The op-ed piece proposed that this can be accomplished in two possible ways. It might be imposed upon the population-at-large at the point of consumption (gasoline stations and electricity bills), or alternatively, could be collected as a tax at the production level to “greatly reduce the number of collection points” through the IRS or Social Security Administration. In the case of using IRS, “an annual distribution could be made to every taxpayer and recipient of the Earned Tax Credit. In the case of SSA, the distribution could be made in terms proportionate to the dollars involved, to everyone either paying into the system or receiving benefits from it.”
And you thought income redistribution was just a liberal Democrat thing?
Sadly, they aren’t the only prominent and usually brilliant conservatives who seem to have sampled the carbon tax Kool-Aid. Reagan economist Arthur Laffer has said he would support such a tax in exchange for a payroll or income tax reduction; Bush 43 economist Greg Mankiw supports a global tax; and Douglas Holtz-Eakin, a senior advisor to John McCain in 2008, wants a tax to provide the energy industry with regulatory “certainty.”
President Clinton attempted a similar gambit nearly 20 years ago with a proposed tax on energy use. His so-called “BTU tax”, which would have been imposed upon every segment of the economy, provoked a brutal backlash that should have been no big surprise. He and congressional Dems soon caved in to demands of a vocal anti-BTU coalition which included small businesses, the agriculture sector, the building trades, the transportation industry, manufacturers, and even social-service organizations representing poor and homeless clients who rely upon affordable gasoline and heating fuel.
As with Australia, this experience constituted another teachable moment. (The great English writer Samuel Johnson observed, “There is nothing like a hanging to concentrate the mind.”) One year later , in November 1994, Republicans took over control of the House for the first time in decades.
Raise your hand if you truly believe that a “revenue neutral” carbon tax has any chance of being enacted, or if so, staying that way for very long.

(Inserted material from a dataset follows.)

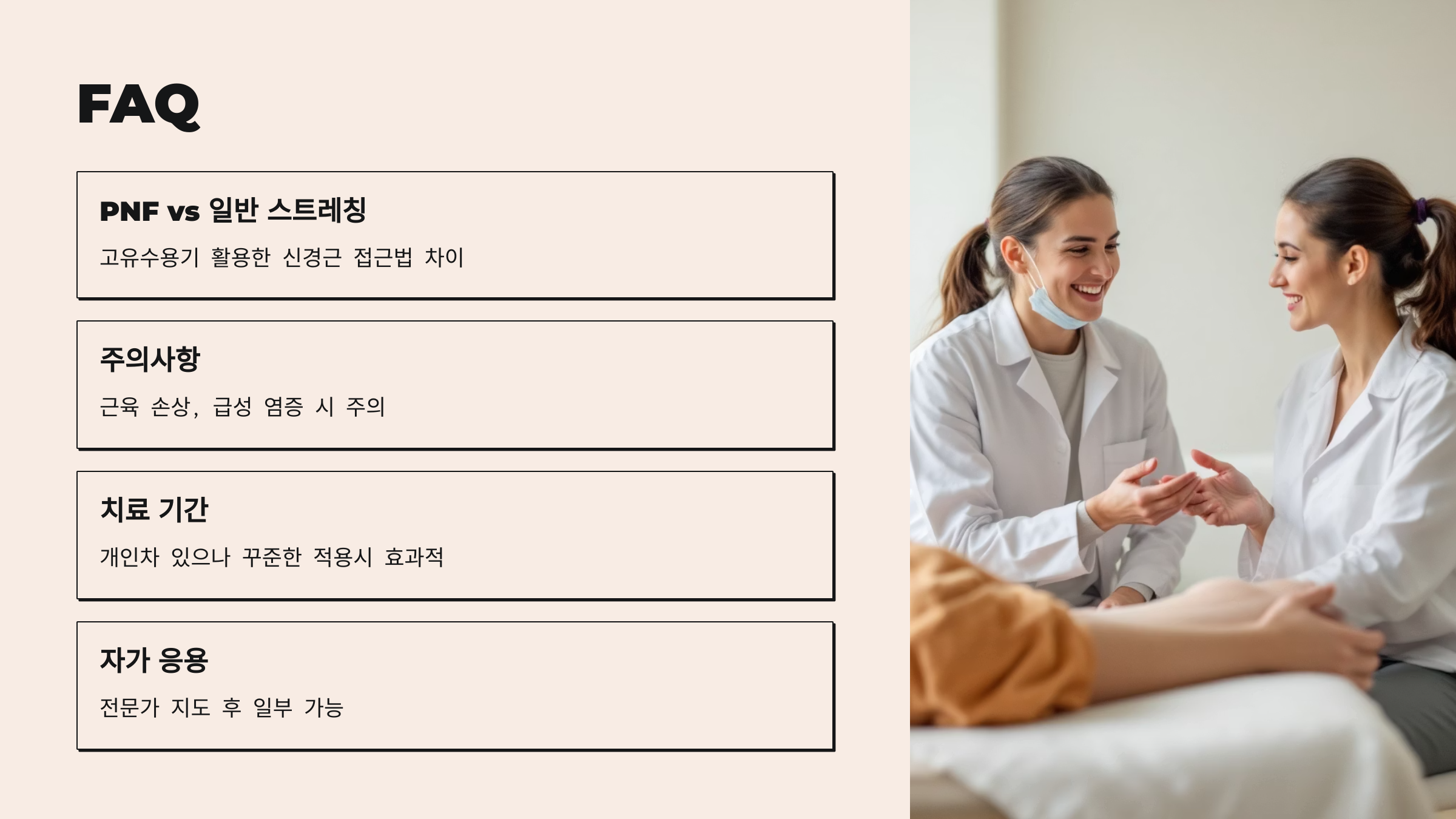 A1. 일반 스트레칭은 근육 길이를 늘리는 데 집중하지만, PNF는 신경과 근육의 협응을 회복하는 통합 훈련이에요. 신경자극을 동반한 움직임이 핵심이에요.

For the rest of you, expect that a newly imposed carbon tax would be revenue neutral only briefly, at best, and then become but one more cookie jar to raid in futile attempts to keep up with escalating demands of government’s spending addiction. And if you harbor any illusions that those tax rates won’t increase over time, consider a lesson taken from European VAT experience. Since the time it was implemented, the initial VAT rate of 10% in Germany has climbed to 19%, in France it is up from 13.6% to 19.6%, and in several other countries VAT rates now exceed 20%.

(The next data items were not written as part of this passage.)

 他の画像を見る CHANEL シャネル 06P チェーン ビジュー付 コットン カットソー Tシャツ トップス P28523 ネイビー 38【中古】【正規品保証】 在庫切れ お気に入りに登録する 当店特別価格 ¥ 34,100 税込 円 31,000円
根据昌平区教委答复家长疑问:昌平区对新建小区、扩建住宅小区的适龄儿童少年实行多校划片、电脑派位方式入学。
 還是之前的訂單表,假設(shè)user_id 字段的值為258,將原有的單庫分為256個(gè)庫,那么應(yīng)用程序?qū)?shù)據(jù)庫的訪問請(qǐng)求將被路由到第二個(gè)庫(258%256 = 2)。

Also remember that from a social cost perspective, carbon taxes are, by nature, regressive, meaning that they inflict largest pain burdens upon low-income households. This is something that liberals, who claim to care more about such matters than heartless conservatives do, should begin to think about.
Such policies, driven by unfounded climate alarmism, motivated by Green crony capitalism, and embracing the vision of transforming America into a European-style socialist welfare state, will impose unacceptable social and economic costs. And as the Australian experience demonstrates, the damage will come at a high political price for those responsible as well.